Cites Effort to Make All Games “Actually Competitive and Interesting”
By Merdina Ljekperic
NBA Commissioner David Stern announced Thursday night that the league has decided to immediately cut all unnecessary teams, compiling the leagues’ superstars on just five remaining squads. Teams were selected to remain active based on a criteria of recent success, number of current “superstar” players on the team, current popularity and potential fan base.
The removal of 25 teams leaves the NBA comprised of the Los Angeles Lakers, Boston Celtics, Miami Heat, San Antonio Spurs and, to the shock of the general public not including New York (which New Yorkers are not yet aware of), the New York Knicks.
“It’s not like anyone will notice,” said Mitch Nelson, the NBA’s head of Public Relations, alluding to the excess of games involving LeBron James, Kobe Bryant, and Boston Celtics that grace the airwaves on network and cable TV. “It’ll be the same exact television schedule.”
Stern also added the Cleveland Cavaliers to the list, before being reminded that LeBron left, rendering the team useless and unmarketable.
“I bet you didn’t know I had a sense of humor,“ said Stern when asked why he chose to keep the New York Knicks. “Plus, I like Italians.

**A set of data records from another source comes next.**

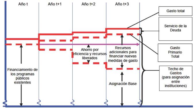 De manera gráfica, Martinere (2007, p. 15), apalancado a su vez en lo prescrito por el Fondo Monetario Internacional (FMI), traduce lo que procedimentalmente debería ser un marco plurianual, y la consiguiente proyección para la asignación de recursos (figura 3).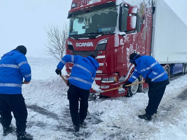 Din cauza zăpezii, traficul rutier este restricţionat pentru autovehiculele cu masa maximă autorizată de peste 7,5 tone pe trei drumuri naţionale din judeţul Galaţi.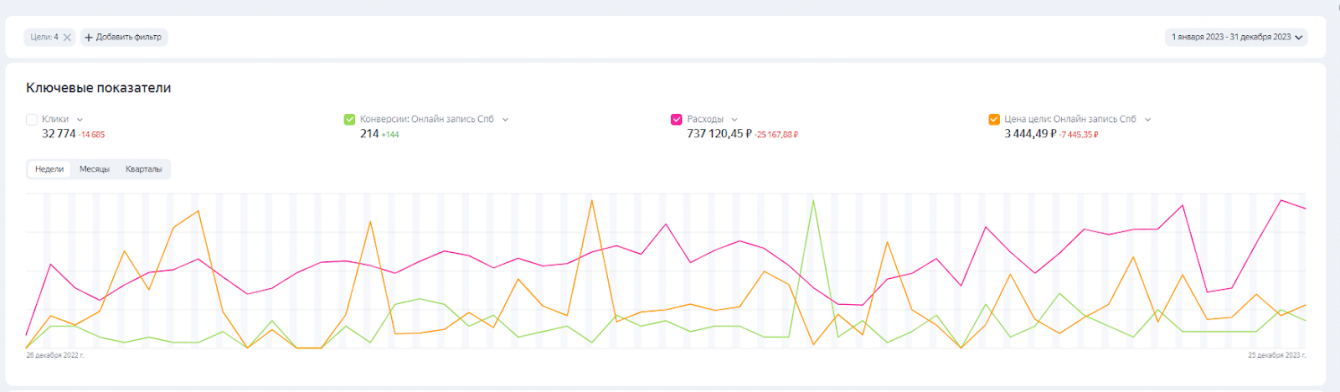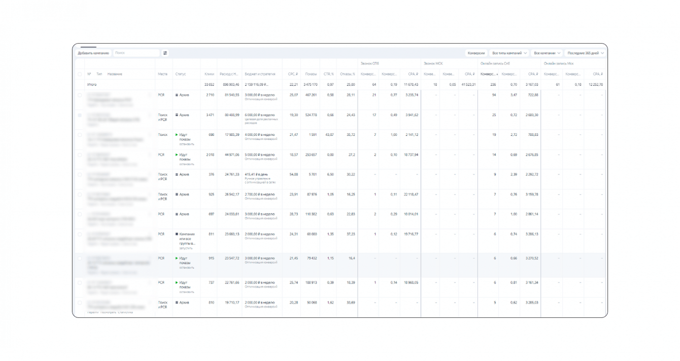 Рекламный кабинет на два сайта и счетчика. Срез по цене и количеству конверсий не совсем корректный, но на скрине виден бюджет, потраченный в течение года, и общая статистика по РК.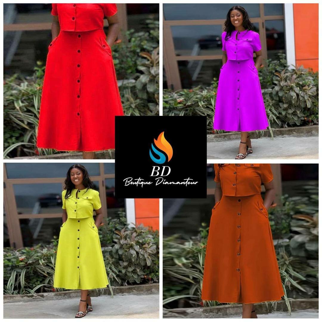 Ensemble élégant pour femmes comprenant une jupe mi-longue et un haut assorti. Disponible en plusieurs couleurs : rouge, violet, jaune et orange. Conçu pour un look chic et moderne.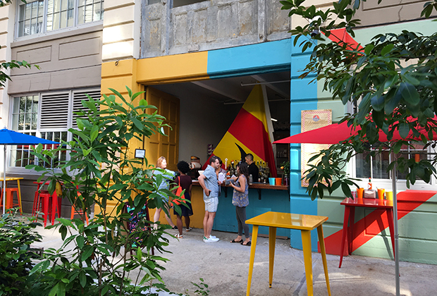 Once we felt we’ve conquered the course, we swapped our mini golf items for ping pong paddles and balls ($5 per person), and strolled to the other side of the same courtyard, which featured a huge room of ping pong tables. And wouldn’t you know, the there is yet another pop-up bar right outside the ping pong room should you need a refill. If you ordered food, it will get conveniently delivered to you wherever you’re wandering, and you can enjoy it at the nice outdoor seating area right outside the ping pong room.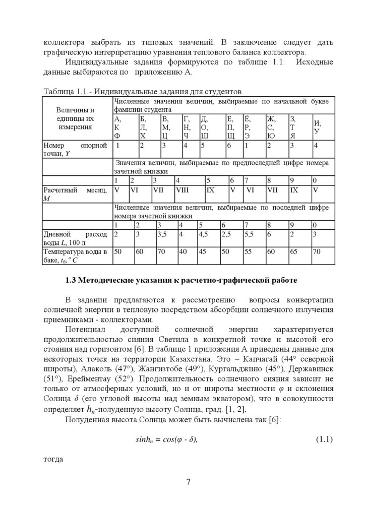 1 Расчетно-графическая работа № 1. Определение характеристикинсоляции и расчет параметров солнечного коллектора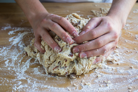 4. Turn the dough out onto a lightly floured surface. Knead gently just until the mixture comes together.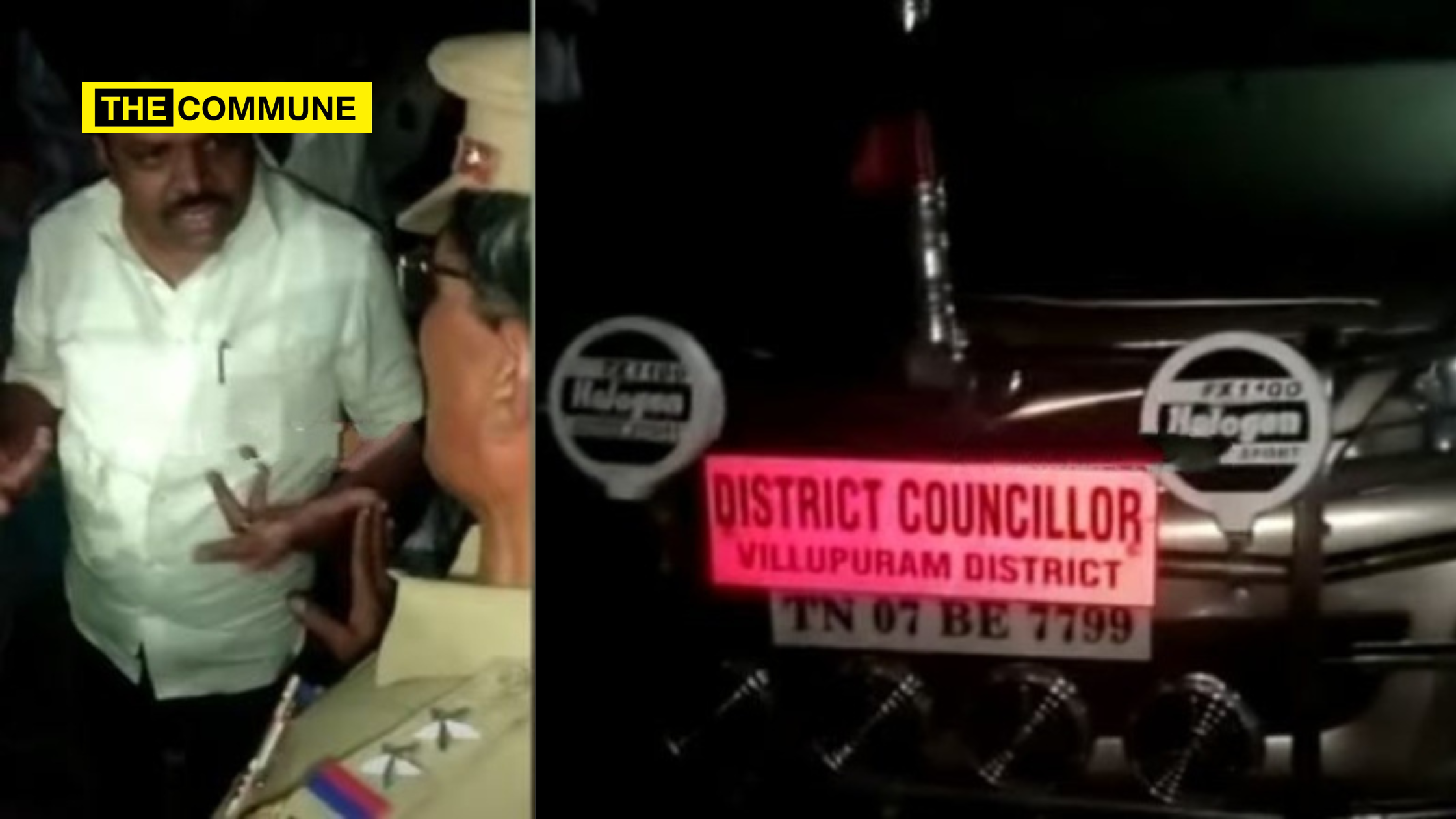 In Viluppuram, a DMK councillor parked his vehicle in the middle of the road, blocking traffic and causing a public nuisance to protest against another vehicle that overtook him.
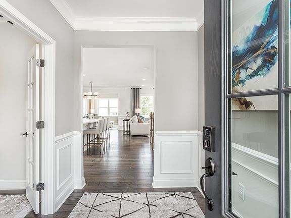 This guest suite down home backs up to a pocket park & is within walking distance to the community pond where you can walk the trail or use your canoe -kayak. Large kitchen with island & quartz countertops has walk-in pantry & overlooks great room for family connectivity. Loft, drop zone at garage entrance, office with french doors & upstairs laundry complete this home. Main living areas have evp flooring. Bathrooms & laundry room have tile and bedrooms will be carpeted. Blinds included too!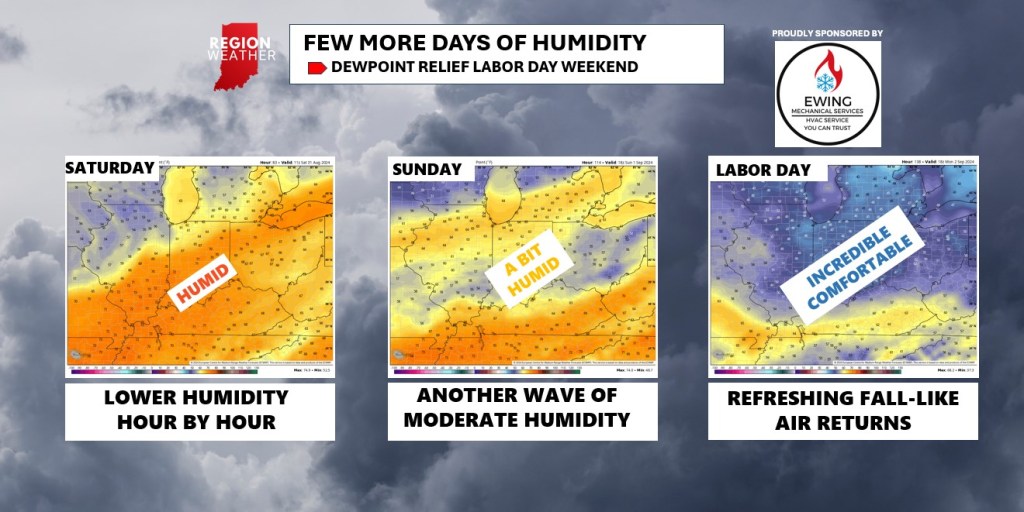 After some good downpours overnight, we’ll have clouds and lingering showers gradually giving way to improving conditions today. The one thing that won’t improve is the humidity which will continue to lay on thick through Friday. A cold front will move through Friday night bringing more comfortable air in here to kick off our Labor Day Weekend. Another front will pass through later Sunday bringing in even drier air. This will set the stage for a fall-like Labor Day to unofficially end summer in the Region!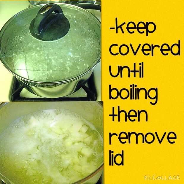 Cubrir la olla para que el agua hierva más rápido, pero quitar la tapa una vez que arranque el hervor para que no desborde.

And [New York Knicks owner] James Dolan gave me a little incentive. And Spike Lee threatened me.“
Stern said the year-round All-Star team now in place in Miami inspired owners and general managers to rid themselves of scrappy players, white players, and all forwards in general. The new system will combine all of the league’s greatest, cockiest, not-as-funny-as-they-think-they-are stars, making every game like the All-Star game – “the pinnacle of basketball prowess,” as Stern put it.
“Zone defense? Three-pointers? Teamwork? Who are you, Dick Vitale? Go watch the college game,” said Miami General Manager Pat Riley. “People don’t want to see that. They just want to see a bunch of seven-foot men play keep away with each other.”
In addition to forcing overgrown boys who hate each other to cooperate with one another, the new system will shorten the season, leaving the superstars time to work on their rap careers.
The majority of the league’s players are now jobless, and although they knew the change was inevitable, many are now left not knowing what to do. Ron Artest’s psychiatrist did not respond to requests for a comment.
“It’s my own fault,” Phoenix Suns point guard Steve Nash said. ”Too many assists. No one likes assists.“
Nash, having received no expression of interest from any remaining teams due to his inability to dunk, has returned to his native Canada, where he has since picked up professional dog sledding, while other players have found other options. Other players such as Manu Ginobli are looking to the WNBA for
Stern also announced that, in addition, the Sixth Man of the Year award, 7th, 8th, 9th, 10th, 11th, and 12th Man of the Year Awards will also be created “so no one feels left out.”
“Best thing I’ve ever heard,” said Queens native Joey O’Connell. “I was so sick and tired of believing the Magic would ever actually achieve anything worthwhile “
Recent national polls show that many hope this will be the crucial first step in ridding Cleveland of all professional sports teams, leaving the city in a better mental and emotional state.